Bab 21

7 1 0
                                    

Cella sibuk mengerjakan tugas sekolahnya di meja makan malam hari itu. Tugas matematika, pelajaran yang paling Cella benci. Pelajaran matematika paling memeras otak dan tenaga. Banyak waktu terbuang hanya karena matematika. Sejak jam enam sore sampai sekarang jam sembilan malam, Cella belum selesai mengerjakan tugas matematikanya.

Di dapur, papa dan mama Cella sibuk memasak untuk pesanan kue dan menyiapkan bahan-bahan untuk sarapan besok pagi ataupun untuk makan siang.

Malam ini, kegiatan keluarga Cella cukup padat. Mungkin karena hampir mendekati masa liburan, banyak tugas mulai menumpuk. Dari Cella yang mulai kejatuhan banyak tugas dan ulangan harian sampai kedua orang tuanya yang sering bekerja lembur.

Suara ketokan pintu membuyarkan konsentrasi Cella dalam menghitung diamter suatu lingkaran.
"Siapa, sih? Udah malam juga." Batin Cella.

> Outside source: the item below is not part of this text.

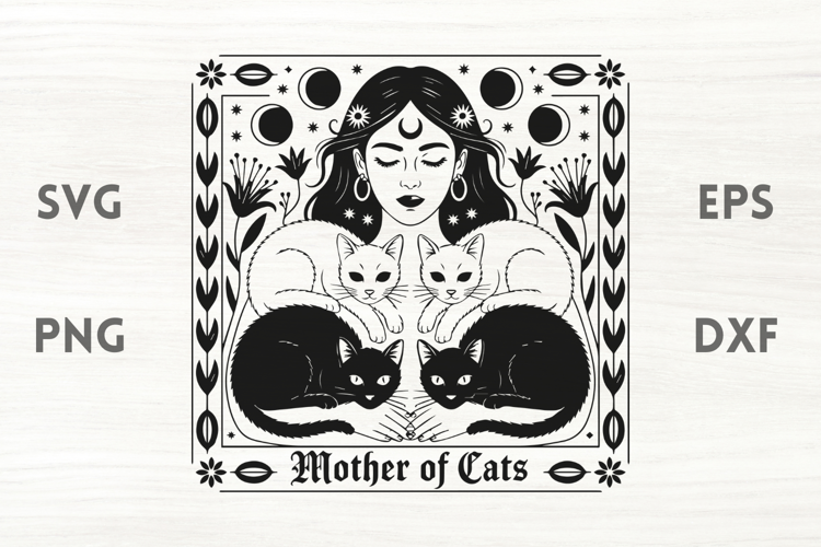 Witch and cats floral is a design perfect for Halloween and spooky feminine crafts. Use it porch decorations, laser cut designs, shirts, hoodies, tote bags, cards or any Halloween decoration

Cella tidak beranjak dari tempatnya, dan kembali fokus mengerjakan tugas matematikanya. Dia juga berpikir itu hanya halusinasi saja karena kedua orang tuanya tidak menunjukan reaksi.

Beberapa saat kemudian, ketokan pintu terdengar lagi. Kini kedua orang tua Cella juga mendengar.

"Kamu buka sana, Cell. Mama sama papa masih sibuk." Minta Mama Cella yang sedang menakar tepung untuk kue pesanan.

"Cella masih kerja tugas, Ma." Jawab Cella. Sebenarnya, dia juga terlalu malas untuk berdiri dan pergi ke pintu depan.

"Ayo Cella, Papa sama Mama masih sibuk." Kali ini Papa Cella yang angkat bicara.

Dengan terpaksa Cella bangkit berdiri, lalu menuju pintu depan. Dengan rasa malas dan wajah kesal, Cella membuka pintu.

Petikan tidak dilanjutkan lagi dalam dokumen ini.